Obviously, whether this was true or not is a whole discussion, but the attitude did lead to a lot more cheating (due to desperation) than I'd imagine past generations had.

A midterm being worth 25-33% of a grade, plus some classes only being offered in fall or spring semesters meant a bad test could roughly cost you tens of thousands of dollars, since the next time you could retake the class would be in a year, and it often was a prerequisite for another class. It just leads to an environment that encourages desperate "survival" behavior.


Which is bad, someone who cheats on a test or someone who rats out their friend for cheating on a test?

It really is a cultural thing, and that sort of culture is primarily passed down from upperclassmen to underclassmen. I went to a different college with an honor code (Harvey Mudd) and when I graduated in 2019 it was still doing relatively well, but from what I've heard COVID really killed students caring about / adhering to the honor code.


I'm in Mudd's class of '27 (and I was on the honor board for 2 years), and I do think the honor code system has gotten somewhat less functional over the time I've been here. But I think a majority of students and faculty still want to make it work.

> Which is bad, someone who cheats on a test or someone who rats out their friend for cheating on a test?

Obviously the first. How is this even a question?


This is not obvious at all.

Loyalty is a fundamental moral principle. Loyalty to a friend carries a lot of moral weight. Humans are a social animal, and loyalty to a friend can easily outweigh loyalty to some abstract institution. Like, my friend will still have my back five years from now. The university I went to won't do shit for me.

Like, if you're talking about loyalty to a friend who wants you to cover up an unjustified murder they committed, then I think most people will say the value of telling the cops about the murder outweighs the loyalty to your friend.

But for cheating on some test where probably 30% of the other students are cheating anyways? I think the vast majority of people will say that loyalty to your friend is the more important moral principle here. We all make mistakes in life, and the whole idea of loyalty and love to a friend is that we support them even though they make mistakes. As long as the mistakes are common mistakes like cheating on a test or cheating on a boyfriend, as opposed to things like felony crimes.


You’re introducing additional details and scenarios that are part of a different conversation, one in which is certainly nuanced and well-worth discussing.

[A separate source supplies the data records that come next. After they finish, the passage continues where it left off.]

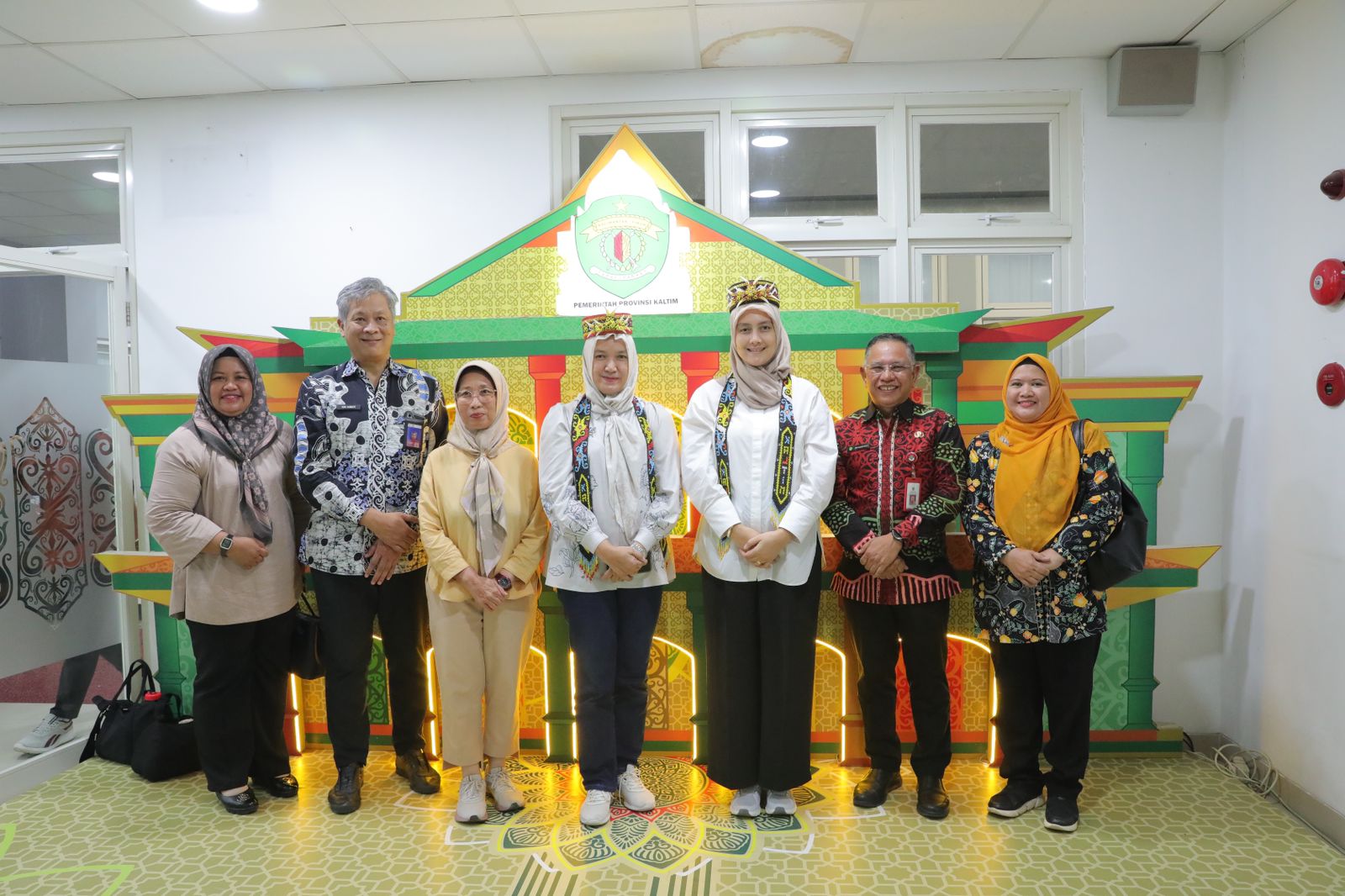 Kedatangan Ketua TP PKK Babel disambut oleh Plt Kepala Dinas Perhubungan Ilhamsyah serta jajarannya dengan memberikan topi yang biasa disebut Tapung Sekedug dan syal yang terbuat dari manik-manik motif khas Kalimantan.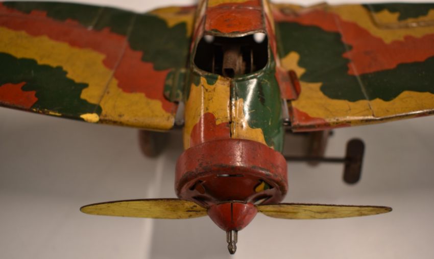 Mettoy tinplate clockwork model aeroplane with sparking cockpit gun and folding wings.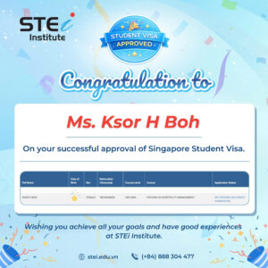 Vượt qua những băn khoăn ban đầu, bạn H Boh đã xuất sắc sở hữu tấm vé Visa du học Singapore để theo đuổi đam mê ngành Quản trị Nhà hàng – Khách sạn tại Học viện STEi, Singapore. Chúc H Boh sẽ có một hành trình du học thật ý nghĩa, gặt hái được nhiều thành tích rực rỡ tại môi trường quốc tế nhé!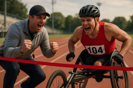 Paraplegic athlete crossing the finish line of a race in a wheelchair, with his coach cheering next to him
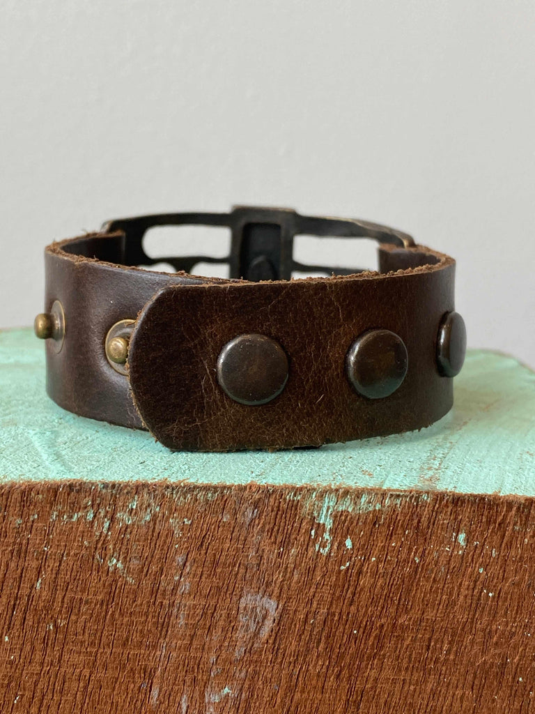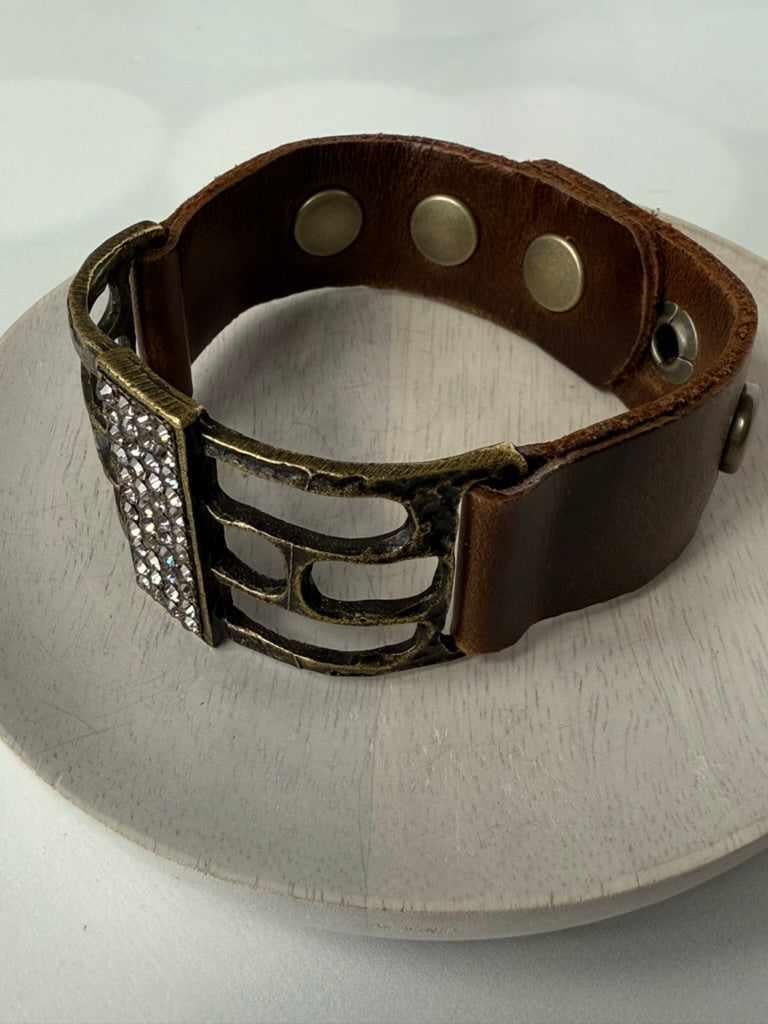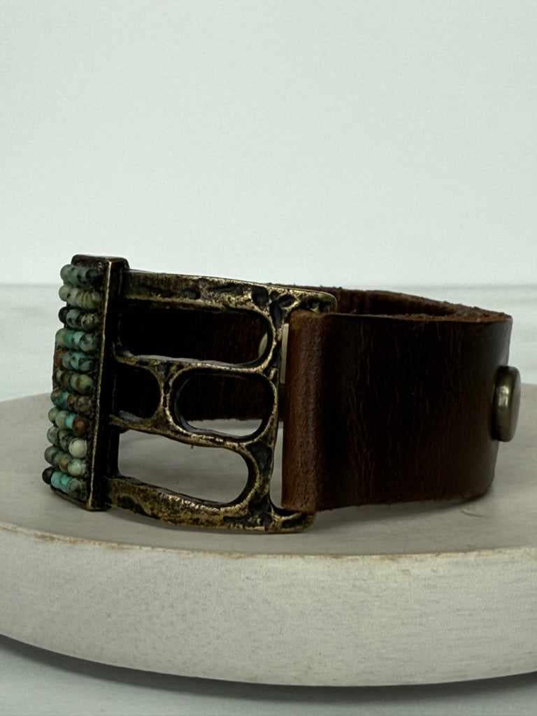 Lexis Bracelet $105.00 stone black diamond black diamond African Turquoise black diamond African Turquoise An open brass rectangle with 4 rows of vertical stones on a vintage brown leather band. 7/8" wide leather band fits 6 1/4" - 8 1/4" wrist. The snap closure has three options for a perfect fit. Bracelet is handmade in NYC. Add to Cart Notify Me When Available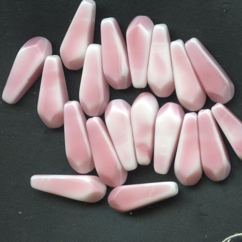 These delightful vintage beads feature four flat sides with a pink and white swirl pattern. Each bead measures 22mm by 8mm at the widest point, with a hole running from top to bottom. There are 10 beads per lot.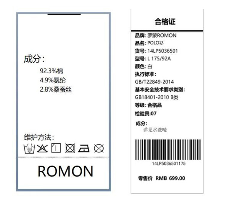 面料:92.3%棉 4.9%氨纶 2.8%桑蚕丝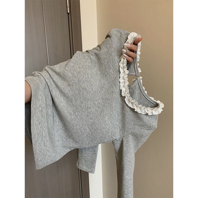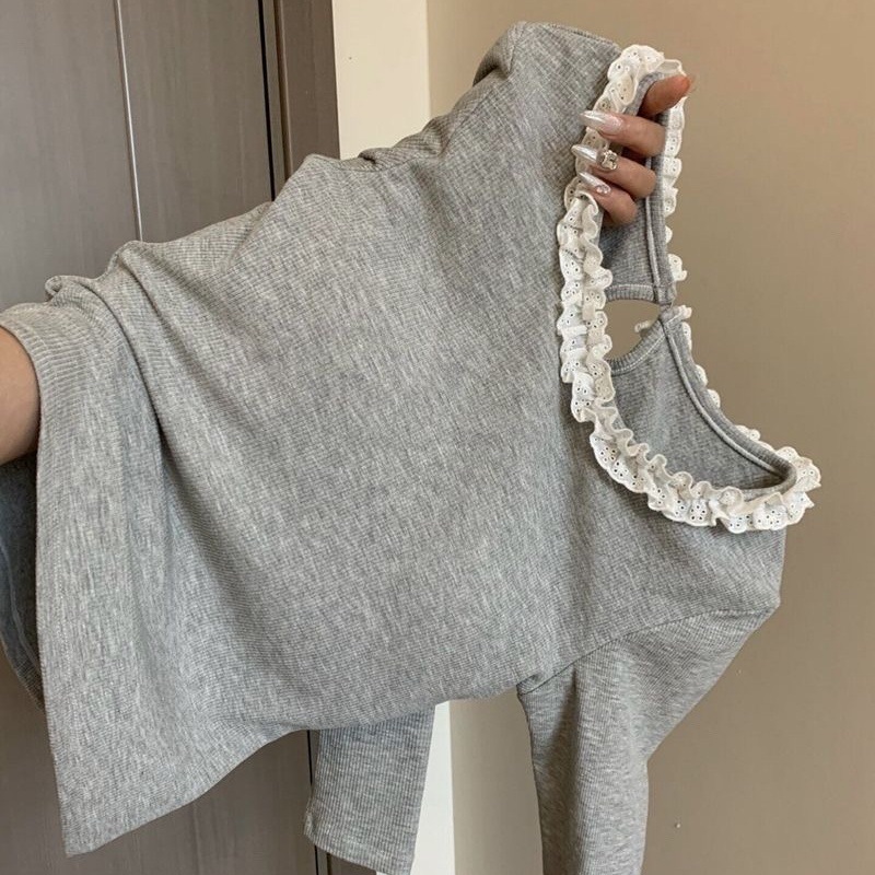 • 그레이 레이스 칼라 티셔츠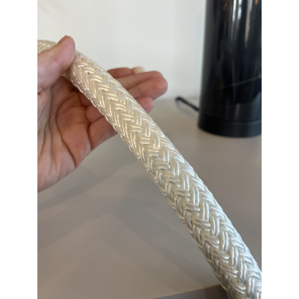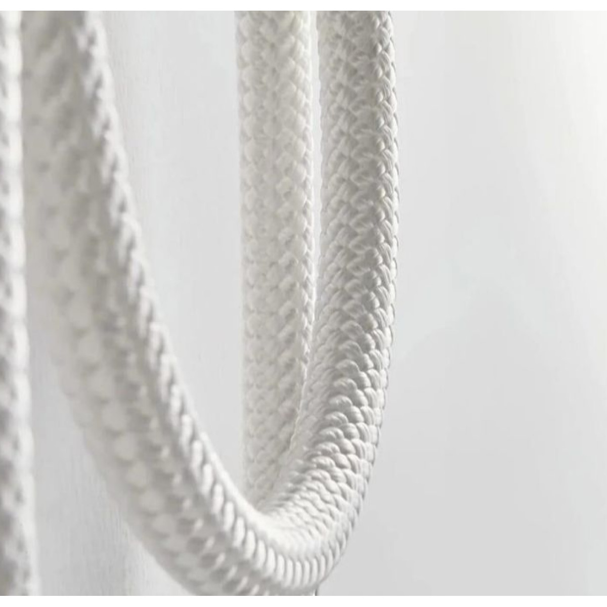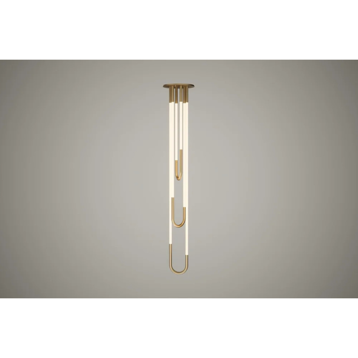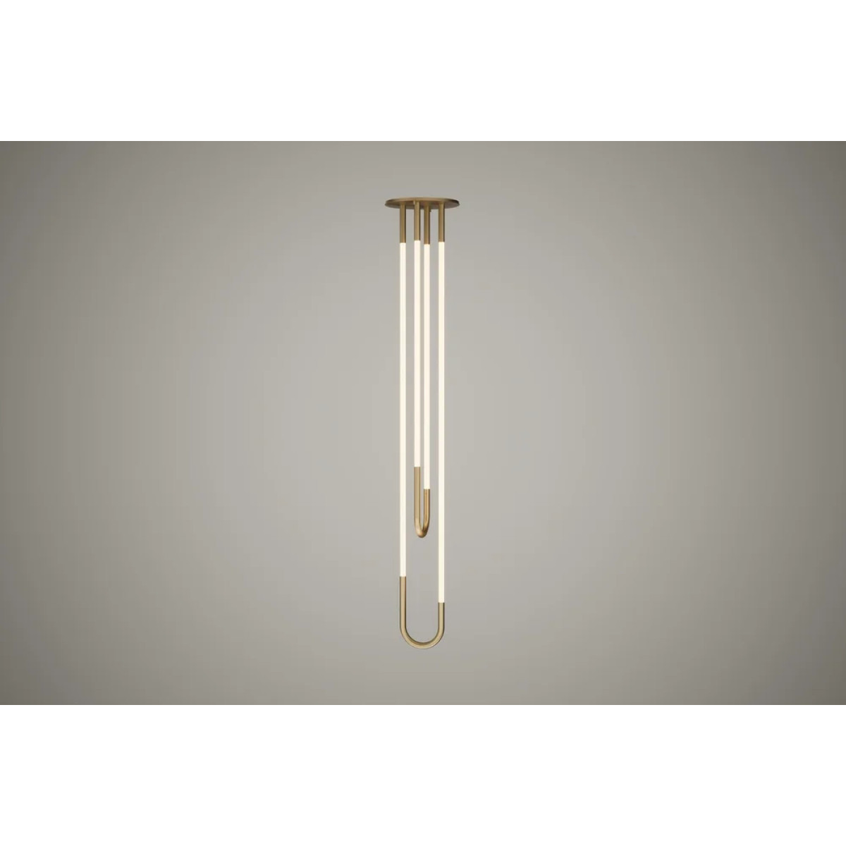 This capsule pendant features a refined satin brass frame paired with vertical rope elements that give it a soft, textured look. The rope sections replace traditional tubes, diffusing the light gently to create a warm and inviting glow. Sculptural brass loops add a modern artistic touch, making it both minimal and visually striking.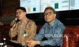 Direktur Utama Bank Mandiri Syariah Toni EB Subari bersama Risk Management and Compliance Director Bank Mandiri Syariah Putu Rahwidhiyasa (dari kiri) memberikan paparan saat konferensi pers Kinerja Mandiri Syariah Tahun 2017 di Al Jazeerah Signature, Menteng, Jakarta, Kamis (8/3). (FOTO : Republika/Putra M. Akbar)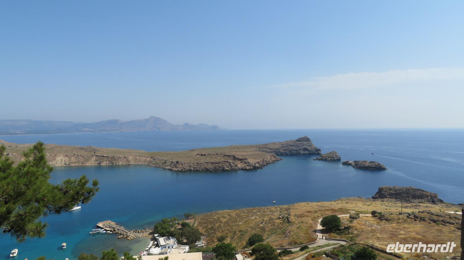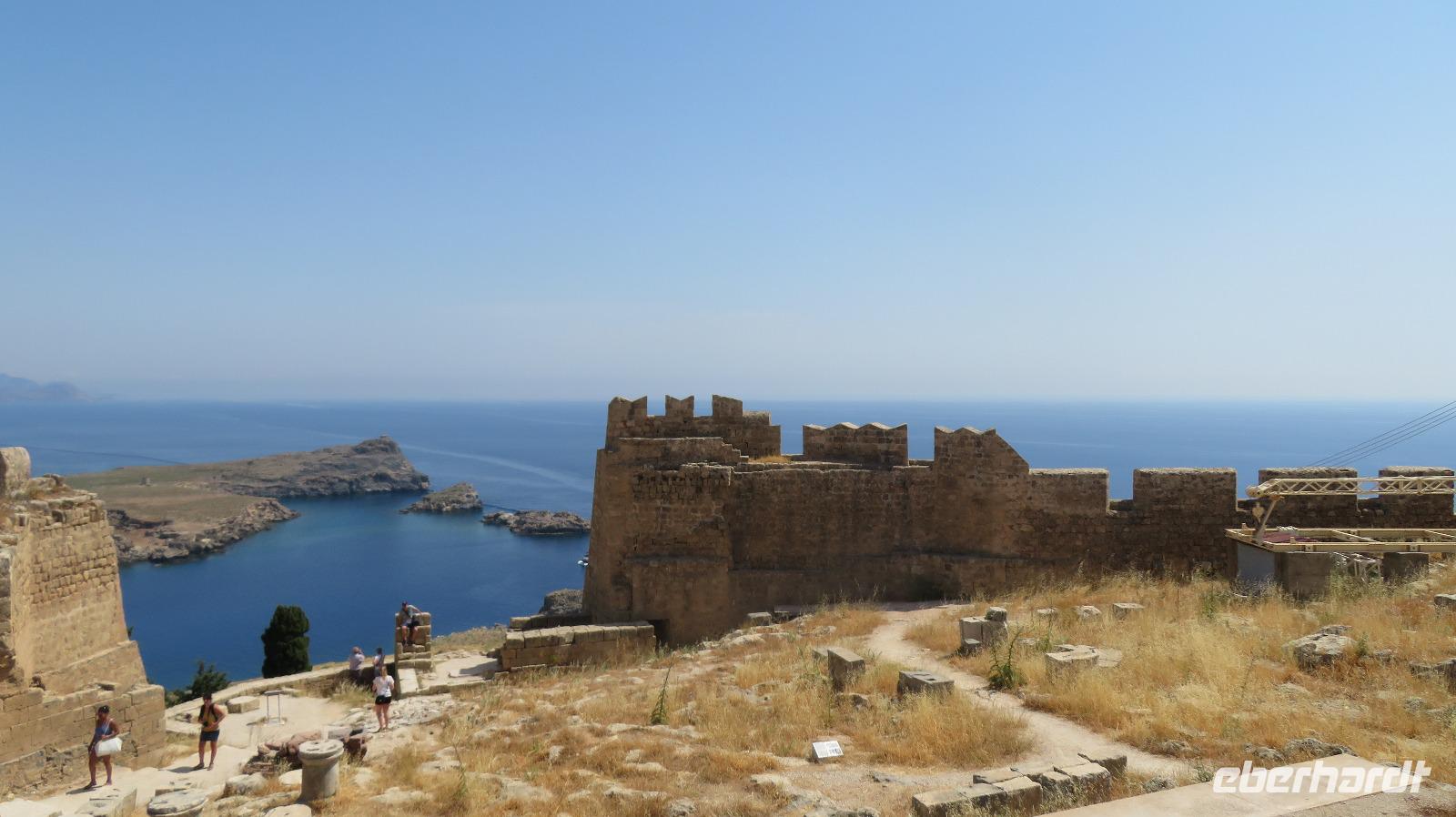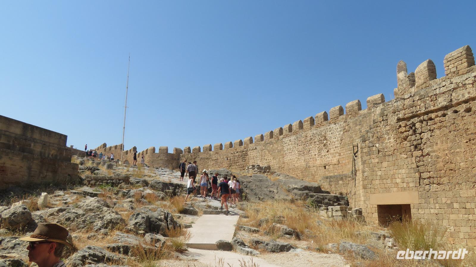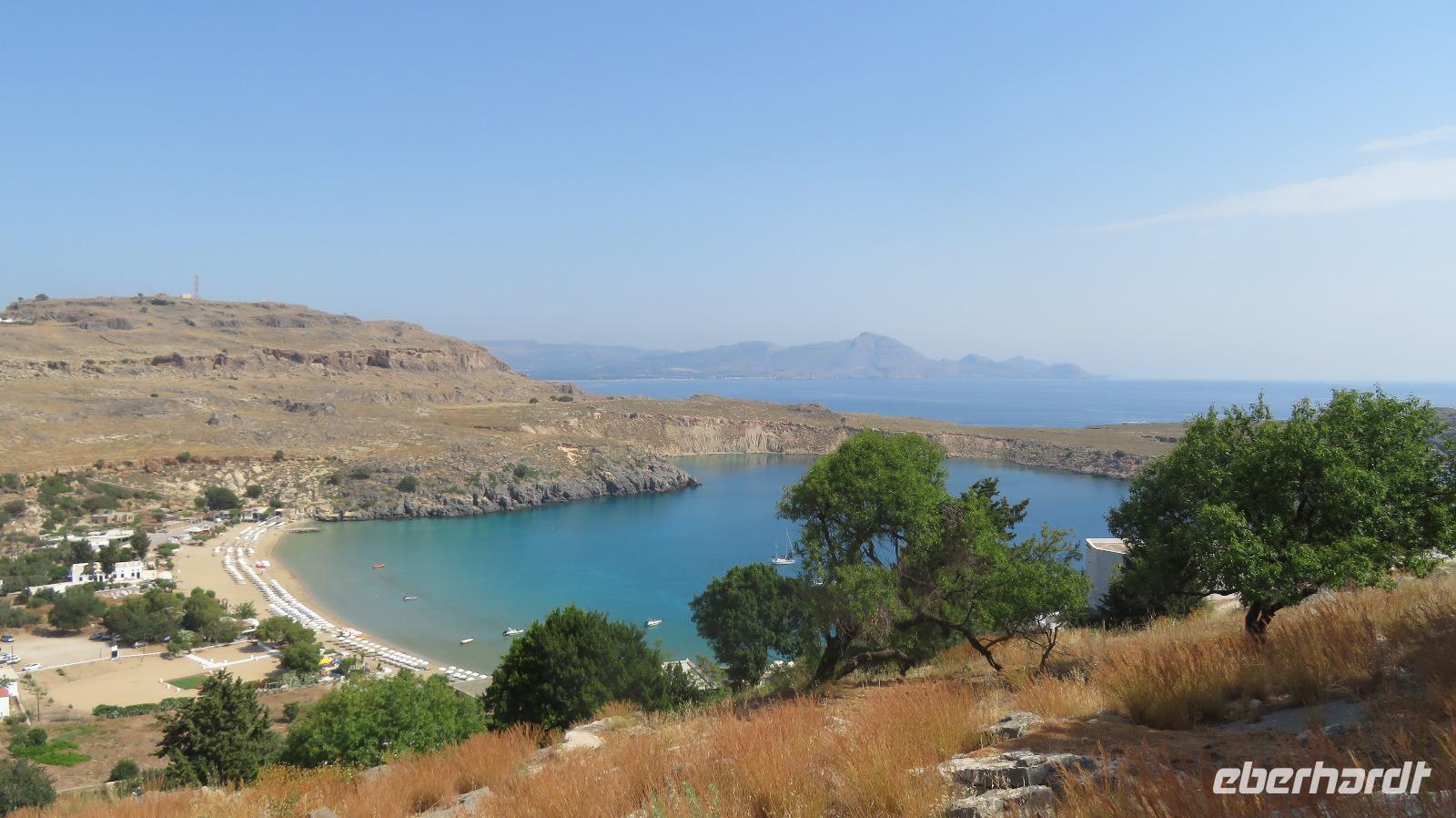 In Lindos wollen wir uns zuerst die Akropolis ansehen. Ein paar Mutige lassen sich von einem Esel hinauf bringen. Wir laufen durch die engen Gassen, vorbei an der Kirche und steigen die vielen Stufen aufwärts. Wer es bis ganz nach oben geschafft hat, wird mit einem phantastischen Blick entschädigt. Wir bestaunen die Akropolis und die Anlage. Die berühmte St. Pauls Bucht ist auch gut zu sehen.

But what you are doing here is justifying behavior. That’s separate from a discussion about what’s right or wrong. You have to not only consider one’s friendship, but the negative effects across society that their actions cause. In other words, reporting the friend negatively affects (in general) only two individuals, while cheating affects many more people and cultural values and norms. I’m not a Utilitarian, but intent and effect matter.


I don't consider it loyalty to know a friend has cheated, and let them get away with it.

Teachers/Professors are already used to accommodating dumb planning/mistakes from students. An honest "I spent too much time partying and fell behind, can I get an extension" email will often get you very far.

Also baffled to hear cheating on a boyfriend included there, cheating of that sort would be friendship ending.


> Like, my friend will still have my back five years from now

Im not convinced that's the case, if it's a person who can normalise cheating.

They've already made the decision that benefit to themselves outweighs everything else.


It's not a mistake if they do it routinely.

I could buy the argument if the friend had a moment of weakness, regretted it, won't do it again, and please don't report it. They've learned their lesson, that's enough.

But if they do it and they're fine with it and they're going to do it again and what's the big deal? Refusing to report that isn't loyalty anymore, it's not sticking with someone who made a mistake, it's protecting deliberate bad behavior.


We can make mistakes in our ongoing behaviors. Nobody's perfect.

The question is simply how you balance loyalty to the institution vs loyalty to a friend.

A lot of people will think that cheating in a context where a lot of other people cheat too, is just not a big deal. That it's certainly not worth losing a friendship over. Like, are you going to end a friendship because someone jaywalks? Because they habitually speed 5 mph over the legal limit? Because they sometimes take illegal drugs? Because they deducted things on their tax return that you know weren't actually business expenses?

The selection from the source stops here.